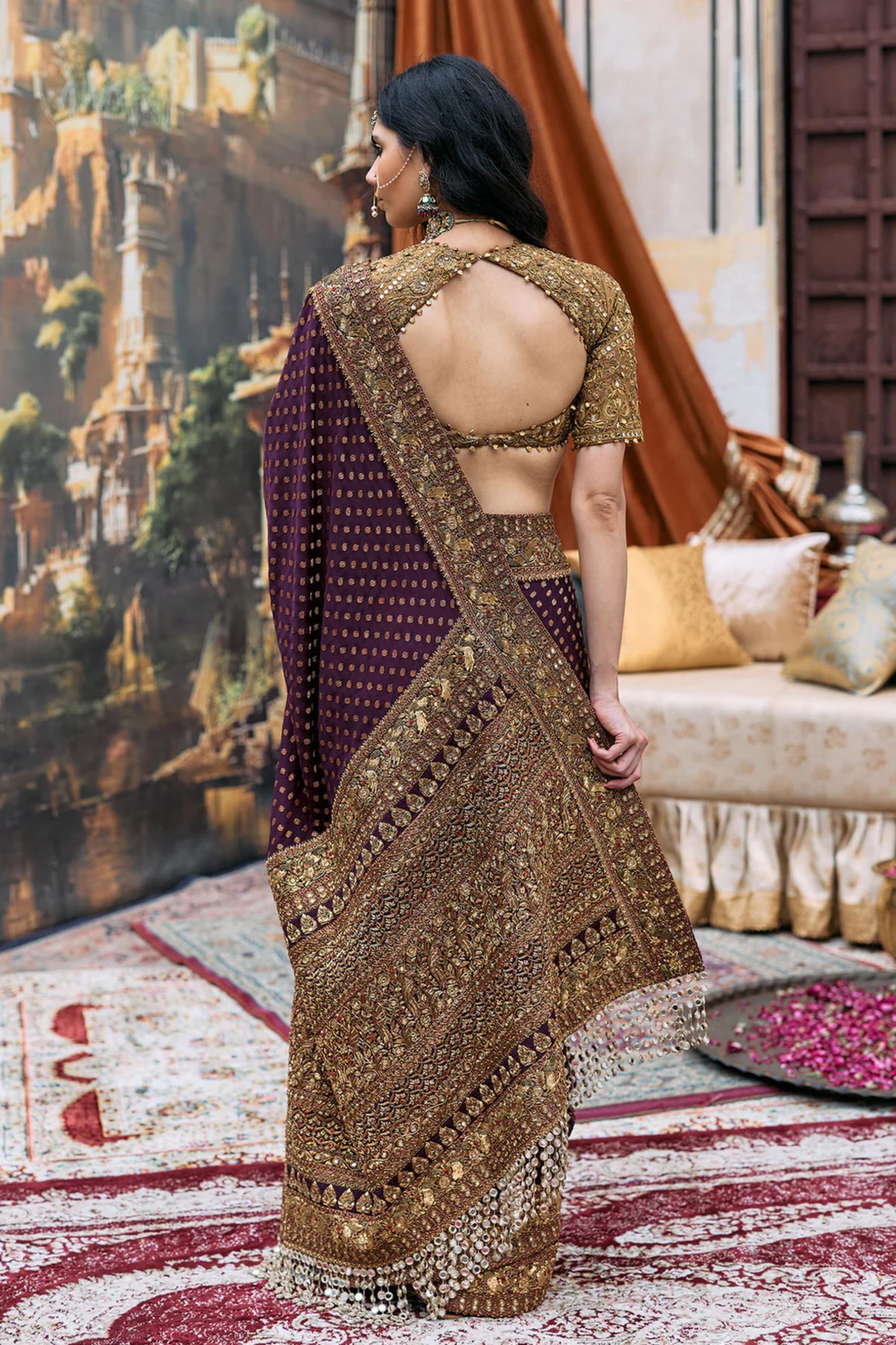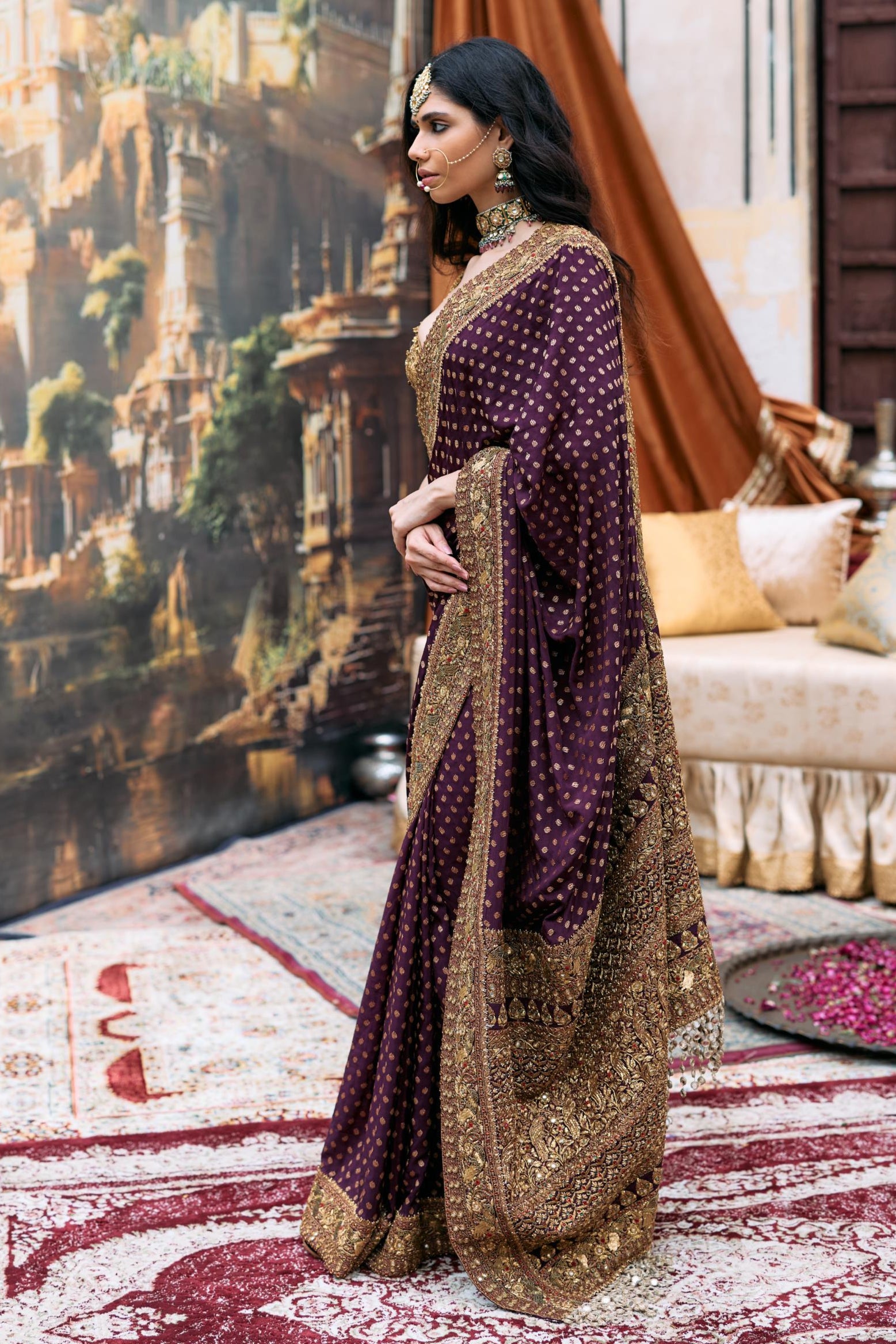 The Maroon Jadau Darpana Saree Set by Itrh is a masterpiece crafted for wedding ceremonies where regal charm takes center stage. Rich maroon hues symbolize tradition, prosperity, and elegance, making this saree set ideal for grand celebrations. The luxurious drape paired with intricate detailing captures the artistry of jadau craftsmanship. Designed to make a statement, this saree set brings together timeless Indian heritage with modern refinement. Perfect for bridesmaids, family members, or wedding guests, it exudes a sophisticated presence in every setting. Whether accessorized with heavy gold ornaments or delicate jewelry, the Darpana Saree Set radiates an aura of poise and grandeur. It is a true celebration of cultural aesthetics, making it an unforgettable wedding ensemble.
==
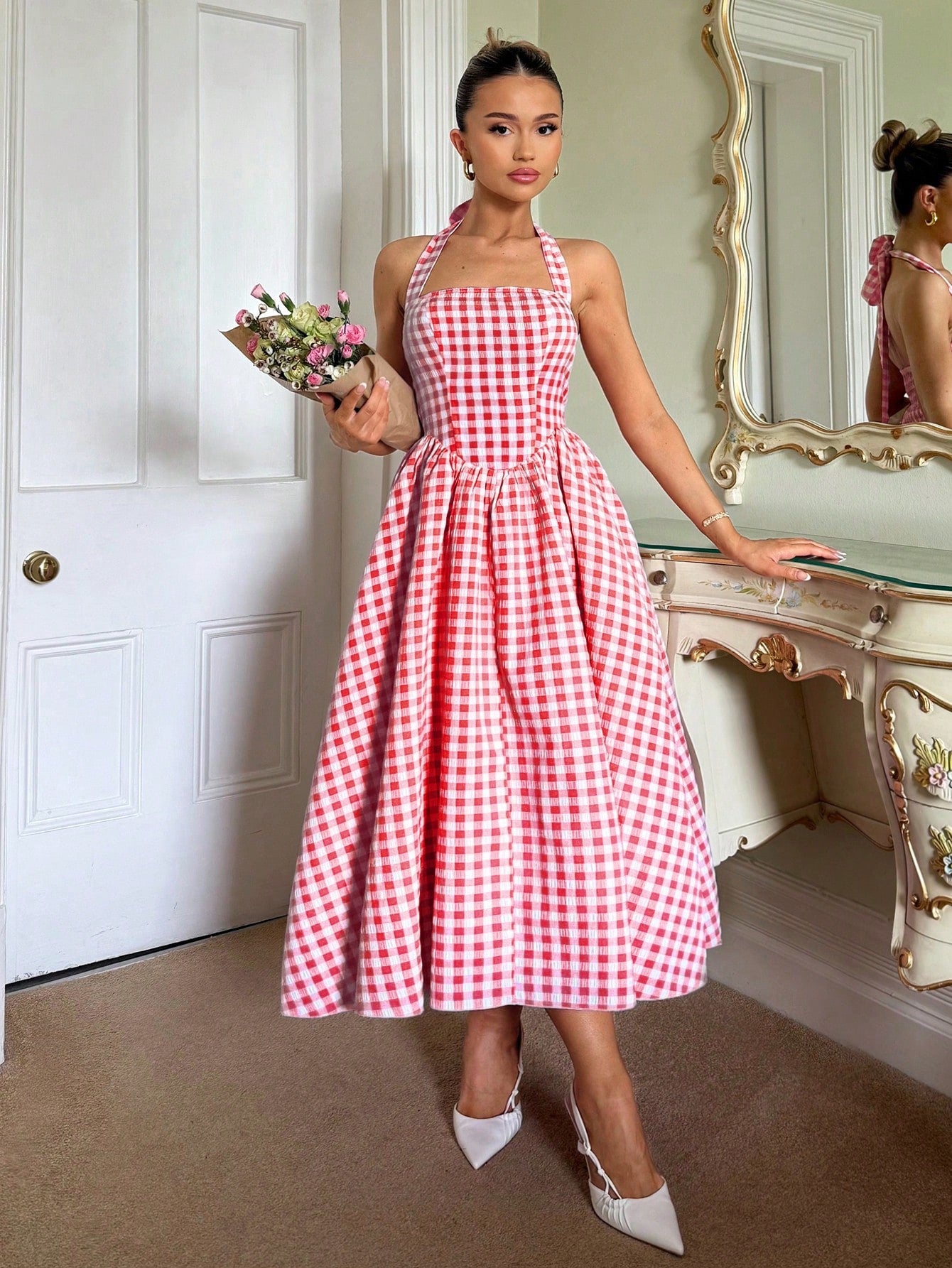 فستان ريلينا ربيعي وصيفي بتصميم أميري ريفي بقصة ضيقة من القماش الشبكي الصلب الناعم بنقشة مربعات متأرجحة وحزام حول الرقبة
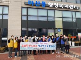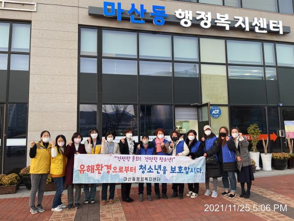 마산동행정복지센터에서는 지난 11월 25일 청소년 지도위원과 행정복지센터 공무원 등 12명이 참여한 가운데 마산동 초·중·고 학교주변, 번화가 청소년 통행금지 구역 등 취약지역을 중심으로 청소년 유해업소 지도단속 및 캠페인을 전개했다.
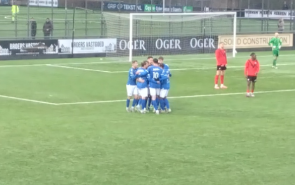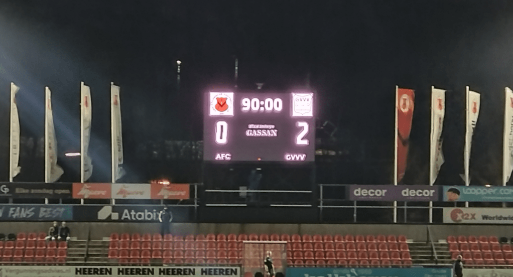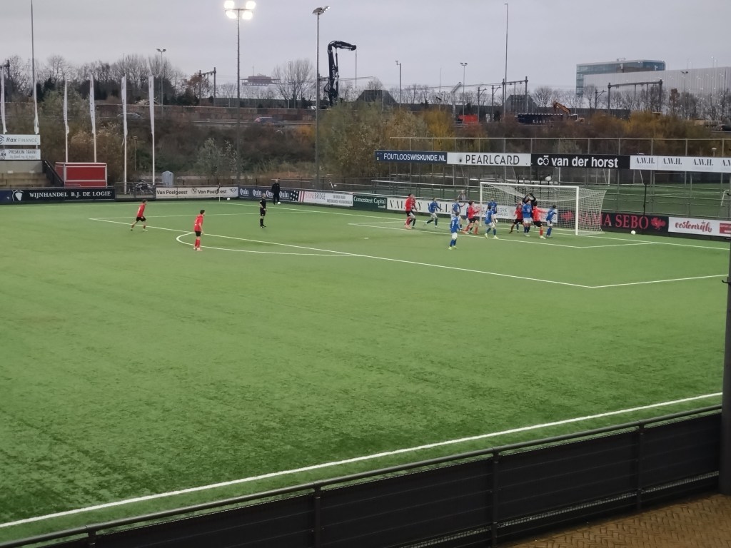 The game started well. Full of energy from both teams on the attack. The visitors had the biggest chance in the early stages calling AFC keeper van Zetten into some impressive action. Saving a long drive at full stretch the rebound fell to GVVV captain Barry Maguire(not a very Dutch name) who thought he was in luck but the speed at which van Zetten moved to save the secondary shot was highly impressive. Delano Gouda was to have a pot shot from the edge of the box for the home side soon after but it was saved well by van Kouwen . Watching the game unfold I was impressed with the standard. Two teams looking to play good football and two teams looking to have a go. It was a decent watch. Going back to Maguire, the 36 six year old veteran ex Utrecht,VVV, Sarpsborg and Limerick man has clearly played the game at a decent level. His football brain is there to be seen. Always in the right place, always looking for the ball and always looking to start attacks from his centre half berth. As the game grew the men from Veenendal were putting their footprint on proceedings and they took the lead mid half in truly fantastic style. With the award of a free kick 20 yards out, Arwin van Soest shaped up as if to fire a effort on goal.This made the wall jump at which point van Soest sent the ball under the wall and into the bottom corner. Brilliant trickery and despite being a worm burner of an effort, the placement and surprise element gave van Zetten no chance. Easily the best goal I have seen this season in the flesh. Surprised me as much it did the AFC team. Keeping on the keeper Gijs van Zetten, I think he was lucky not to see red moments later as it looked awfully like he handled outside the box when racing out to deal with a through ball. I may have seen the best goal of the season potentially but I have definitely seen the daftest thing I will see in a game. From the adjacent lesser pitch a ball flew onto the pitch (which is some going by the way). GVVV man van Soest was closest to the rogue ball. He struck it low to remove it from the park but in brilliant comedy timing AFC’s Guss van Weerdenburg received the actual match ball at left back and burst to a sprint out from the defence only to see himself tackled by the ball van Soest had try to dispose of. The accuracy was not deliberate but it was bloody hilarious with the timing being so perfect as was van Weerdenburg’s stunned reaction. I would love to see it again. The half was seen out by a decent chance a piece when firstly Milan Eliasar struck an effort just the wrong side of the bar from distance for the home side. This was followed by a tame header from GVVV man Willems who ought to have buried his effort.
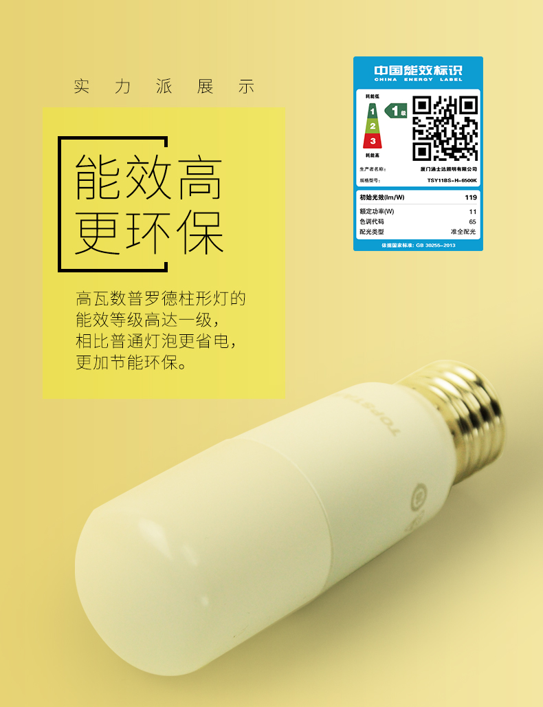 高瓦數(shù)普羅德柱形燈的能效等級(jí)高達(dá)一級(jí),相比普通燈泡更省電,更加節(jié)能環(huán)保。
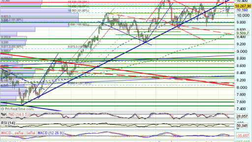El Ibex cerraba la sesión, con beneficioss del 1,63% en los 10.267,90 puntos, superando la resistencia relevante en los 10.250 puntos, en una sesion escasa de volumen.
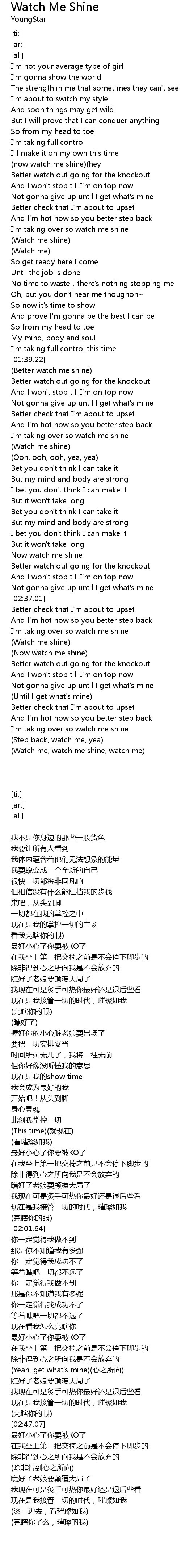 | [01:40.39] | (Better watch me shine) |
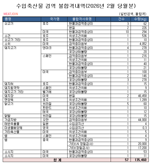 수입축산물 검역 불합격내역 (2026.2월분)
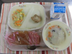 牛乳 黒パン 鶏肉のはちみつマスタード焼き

ACTIVITY
Print exactly, with no pictures, the lines above from the one that holds "me shine) |" through the one that holds "牛乳 黒パン 鶏肉のはちみつマスタード焼き", both of them included.

SOLUTION TO THIS EXERCISE
 | [01:40.39] | (Better watch me shine) |
 수입축산물 검역 불합격내역 (2026.2월분)
 牛乳 黒パン 鶏肉のはちみつマスタード焼き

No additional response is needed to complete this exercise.